One year ago and math anxiety.

First, I should tell you that these things are not related.

One year ago, we closed on my condo and carried the truly astounding amount of stuff I brought from Texas into my new place. My first place. Hurricane Earl was threatening to blow into Boston, and between that and my own special control-freak neuroses, I couldn’t seem to stop myself from moving continuously up and down the stairs, out to the truck, back in to the apartment, arms laden with boxes of books, clothes, books, picture frames, books, kitchen items, books, bedding . . . you get the idea. And then Dad and I would take ends on the heavy or bulky items, like my giant bookshelf, my couch, my recliner, my tv console. I remember wondering if it would really be worth it to have these items here, doubting virtually every choice I made about what to bring with me (which was, essentially, everything I own not related to horse care) as my arms and legs ached with the effort of carrying each item. My parents and I were utterly exhausted by the end of it, but we got it all in before we quit for the day.
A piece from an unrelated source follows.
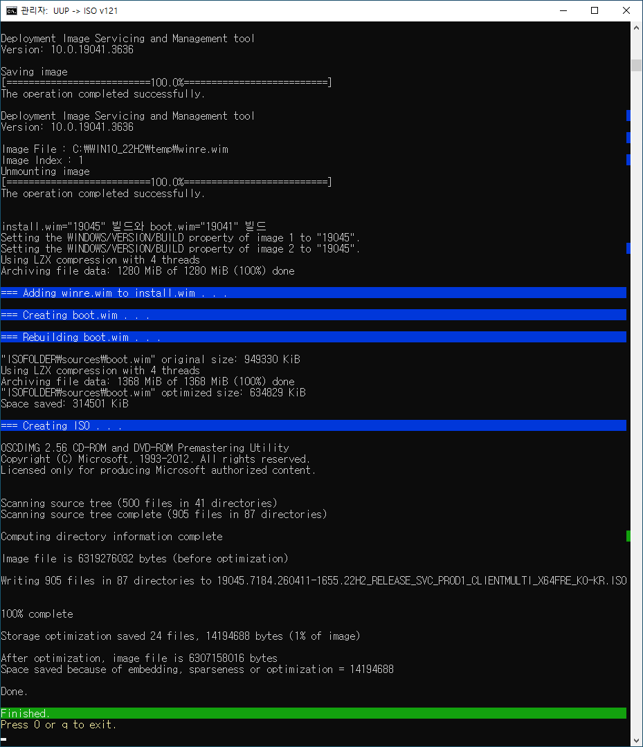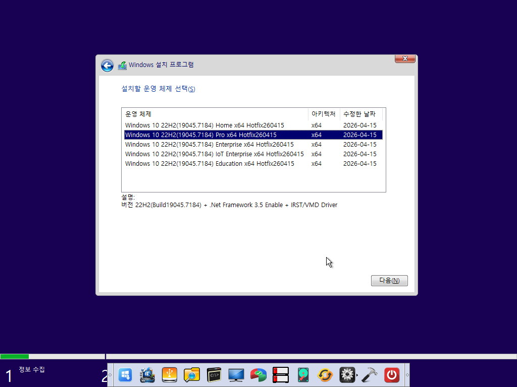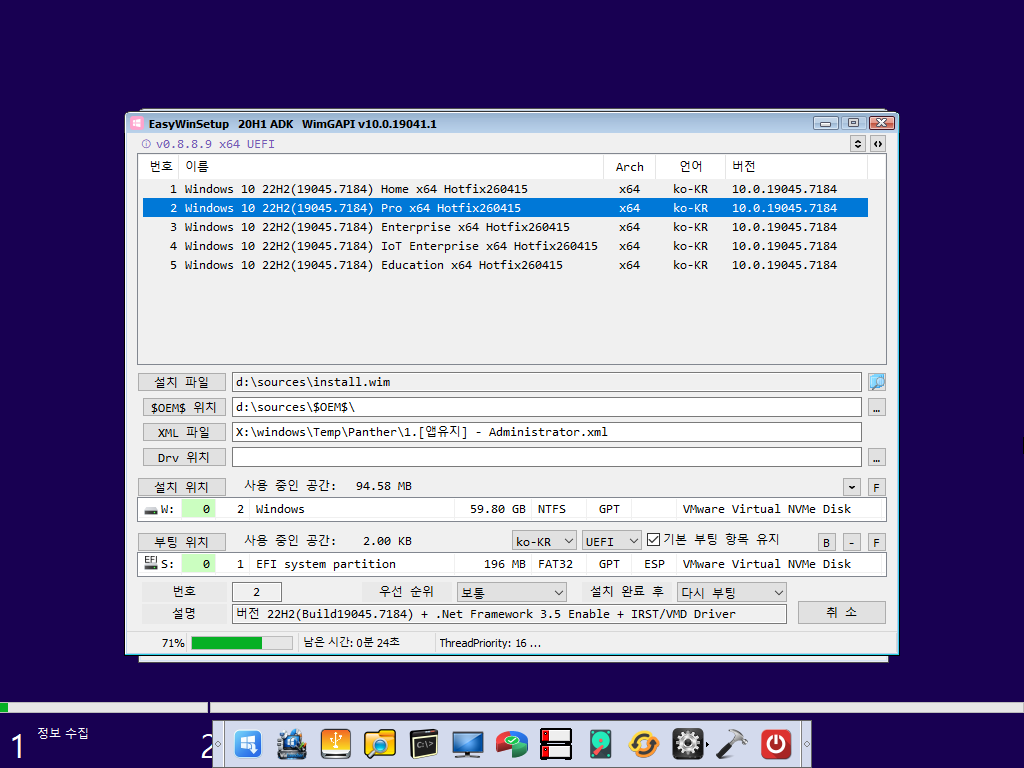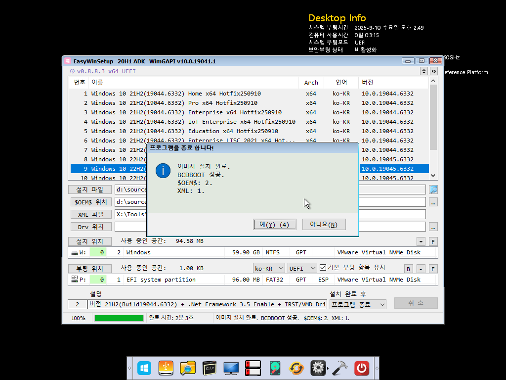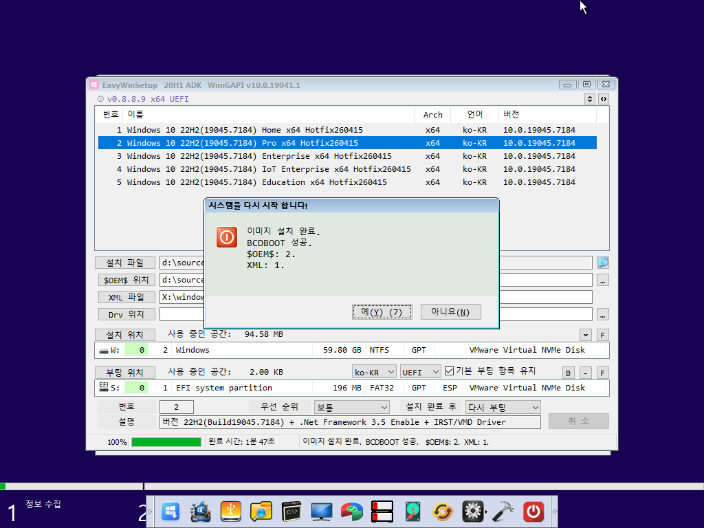 모든 Index의 winre.wim파일이 갱신되어 PE빌드에 사용할 수 있습니다.

Now, I’m looking around the place that has become home, and you know what? I love this place. I love the way it stretches across my building, making the small place feel sprawling and bigger than it really is. I love that you can stand at one end and see all the way through to the other side. These are things that I liked immediately, the first time I walked into the place. After moving in, I quickly came to appreciate how much natural light there is, and how it seems to be soft and beautiful coming into every room. I love being greeted by gentle sunlight as I sip coffee on sleepy mornings, or when I come home after a long day. And this summer, I’ve come to deeply appreciate the way that air moves through this space. I could count the number of times I’ve felt compelled to run my ac units this summer, which is partially due to the mildness of the weather here this year but also partially due to the air flow. I’ve even come to like my tiny bathroom and small, awkwardly shaped kitchen (it’s a backwards L shape). And just this week, I replaced the one thing I truly hated about this place–the ugly, blue, faux woodgrain, formica kitchen countertops–with a beautiful granite.

Gradually over this year, I’ve made this space my own. I’m glad I’m here, and I’m even glad I brought all my furniture with me. (And books, but that goes without saying.) So glad, in fact, that if I don’t get into a Boston-area university for my PhD, it will break my heart a little to leave this sweet little apartment that’s come to feel almost like a friend.

And speaking of PhD applications, I’ve been studying up to retake the GRE because my old scores are out of date. This week, I started studying for the math section. Ah, math, my old nemesis. I first learned to hate math in second grade, during the timed math drills. My teacher (who, by the way, was possibly the nicest person on the planet) had these gallon-sized ziplock bags with a seemingly infinite supply of math worksheets. We would have thirty minutes to open our ziplocks, pull out a sheet, and work through it. We could spread out around the room and work wherever we wanted, so I always chose the little alcove where our lockers were, maybe because it made me feel hidden. And I would pull out my sheet and work and work, but the time always seemed to go by too quickly for me to finish. If we didn’t finish, we would have to start over on the same sheet the next time. If we finished a sheet before time was up, we could move on to the next. I never finished early and sometimes spent two or three or more drills working on the same sheet. Sometimes I worked on the same sheet often enough to remember the answers to the first few rows of problems. I was deeply embarrassed about it, and convinced that everyone in the class knew how slow I was. Which, of course, didn’t help.

I could go on with my traumatic math experiences (like trying to memorize multiplication tables in third grade (shutter) or feeling like a failure all the way through high school math classes (when, by the way, I was making solid Bs. Perfectionist, much?), but I won’t. Instead, I’ll just tell you that ignoring higher math doesn’t make math anxiety go away. I’m working through my study book pretty slowly, trying to re-understand concepts that, let’s face it, were never solidly in my brain ten years ago the last time I took a math class (in college, one of two Cs as an undergrad). My previous GRE math score was laughably low, and I’ve been hoping for a little higher this time around. But I’m not particularly confident.

The bad news is that I have to take the math section, and I have to study for it. The good news is that English departments don’t really care about the math section. Right? Am I right? I am, right?